You’ve seen our liveblog, which provides a detailed and technical look at today’s birthright citizenship oral arguments before the Supreme Court. I want to focus on a broad and critical issue. The Trump administration brought this to the Supreme Court. While the underlying or substantive issue is birthright citizenship, they were not seeking to have that issue resolved. They wanted the Court to address whether federal trial courts can issue national injunctions binding the hands of the incumbent administration.
That is not a made-up issue. Under Joe Biden, conservatives got great mileage out of a handful of game trial court judges who would go for basically anything right-wing lawyers came up with. But what the White House at least wants the Court to do is give it license to pursue its blatantly unconstitutional claims about birthright citizenship at least until the individual cases make their way to the Court for final resolution.
There was some question among the lawyers I spoke to whether the justices were basically in on this — a medium term license to violate the Constitution and deport American citizens — or whether they are so tightly sealed in their procedural big think bubble that they’re unable to grasp the bigger picture. I’m not really able to believe that anyone is that ignorant and credulous. But who knows? Maybe I underestimate the power of the bubble.
Whichever it is the whole spectacle points to the lateness and insufficiency of the heavily corrupted federal judiciary. The existence of birthright citizenship is not a real question. The matter is settled by the plain language of the 14th Amendment. It is also written using terms of art with clear meanings in English law. The current exercise is simply one of finding a few lawyers who will go to work with a dictionary to produce an alternate meaning in the hopes that five justices can be found who will pretend to believe it.
The assumption has been that even a court as thoroughly corrupted as this one can’t produce five votes for that. And that’s why the White House actually doesn’t want a decision on the merits. They want a year or two in which to pretend the 14th Amendment doesn’t exist.
Even the question lays bare a key feature of the judiciary over the last four months. We have months of unconstitutional actions in which the courts are focused on technical issues of standing and process and whatnot before the core issues are even addressed. We’ve seen this in the Alien Enemies Act cases where only in the last week or so have we seen judges, in some cases Trump appointees, say no: the White House’s whole argument about the Alien Enemies Act is false and so all the rest of the litigation and the claims are moot.
Why are we hearing this only four months in?

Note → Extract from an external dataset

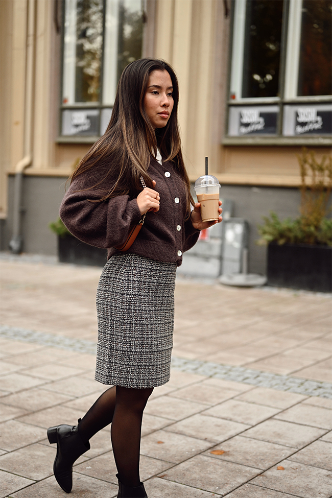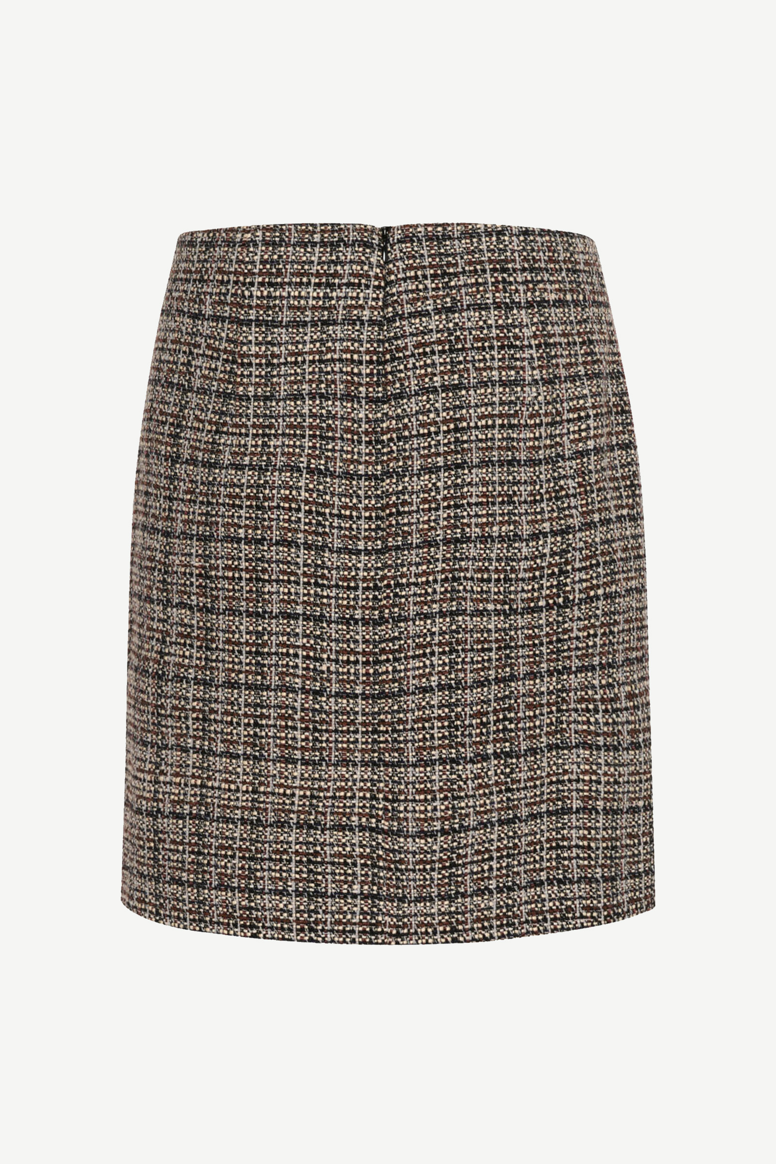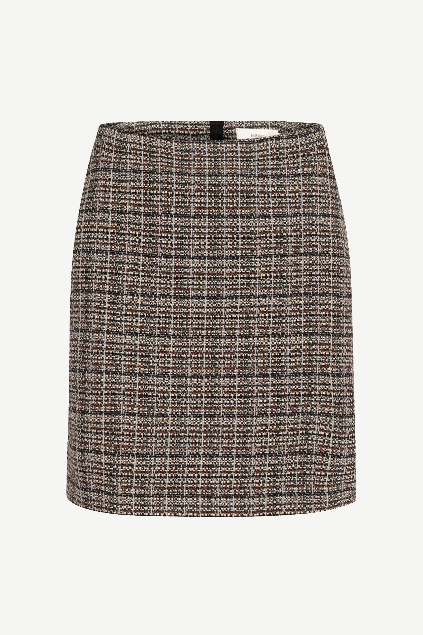 Yara skirt fra Inwear! Dette elegante skjørtet har en klassisk, strukturert vev i et sofistikert rutemønster med innslag av jordfarger. Skjørtet har en rett og tidløs silhuett som gir et moderne, men samtidig profesjonelt uttrykk. Stoffet er detaljert og teksturert, noe som gir plagget dybde og karakter. Perfekt for en stilig dag på kontoret eller en mer formell anledning, kan skjørtet kombineres med enkle topper eller bluser for å skape et raffinert og polert antrekk, eller fullfør looken med Yara jacket, for et komplett sett.
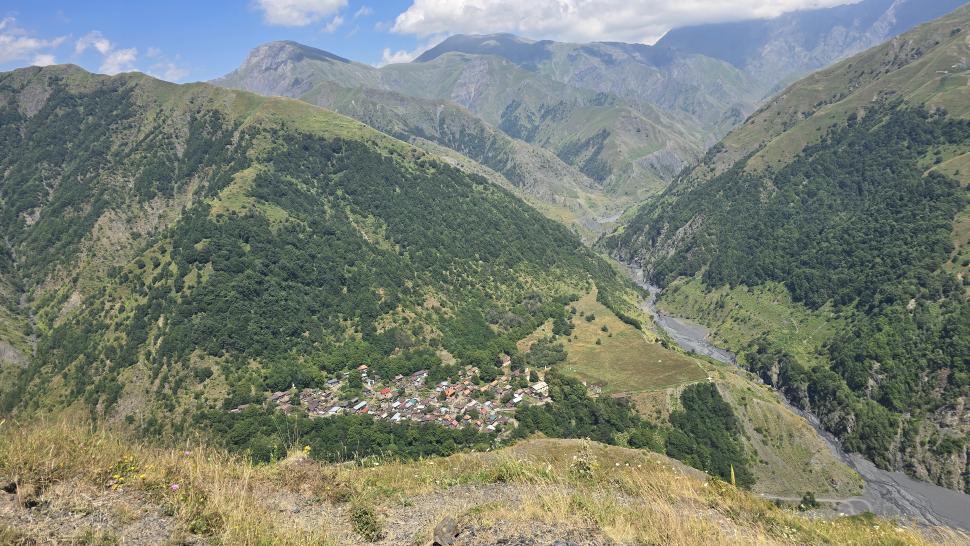 In Qashqacay lassen wir uns am Laden absetzen, ein kleiner Einkauf ist schon wieder nötig. Hübsche alte Häuser gibt es hier auch. Wir gehen ans Ufer des Qashqacay Flusses. Finden wir hier einen guten Zeltplatz? Nein, wir nehmen lieber einen auf der anderen Seite auf einer kleinen Wiese etwas oberhalb des Ufers. Der Fluss ist in dieser Zeit eher ein Bach, man kommt leicht hinüber und wir können uns nun nach dem Aufbau frisch machen. Zu uns gesellt sich ein junger Mann mit Englischkenntnissen aus dem Dorf. Wir erzählen unsere Wanderplanung und fragen auch, ob es Bären oder Wölfe gibt - Ja, im Wald schon. OK. Er geht wieder und wir erleben den Moment der gesamten Sommerreise: Der Imam singt, und seinen Gesang begleitet Geheul. Wir blicken zum Zelt, denn das Geheul kommt aus dieser Richtung. Wir sehen nichts im Licht der Dämmerung, gehen zum Zelt und sind etwas beruhigter, dass das Geheul von weiter oberhalb aus verschiedenen Richtungen im Wald kommt. Kurz nachdem der Imam fertig ist, beendet auch der Schakal-Chor seine Begleitung. Zunächst dachten wir an Wölfe, doch später erfahren wir von einem Hirten, dass es Schakale waren - nicht gefährlich. In der Nacht bleibt alles ruhig.

As a non-lawyer, let me reassure the lawyers that I know that the “technical” issues of standing and process are essential components of the rule of law. But the Court’s overriding charge is to stop violations of the Constitution — not just eventually but with alacrity. Perhaps we might say that when there is an active war on the Constitution, you need a wartime Supreme Court. And for reasons both of willful bad action and hideboundness, we simply don’t have one.
It’s true that, ideally, matters of great national import wouldn’t be decided by one or a few trail-court judges. In this case since the judges in question are blocking obvious and willful constitutional violations, it’s really not a problem. But if it is a problem, the answer is to settle the matter at a higher level, either permanently or with a higher level injunction. What the White House is looking for here is a delay or creation of a loophole for the purpose of committing more crimes against the Constitution. Let’s hope they don’t provide it. But again and again, that’s what we’ve seen, perhaps in less egregious ways, over the last four months.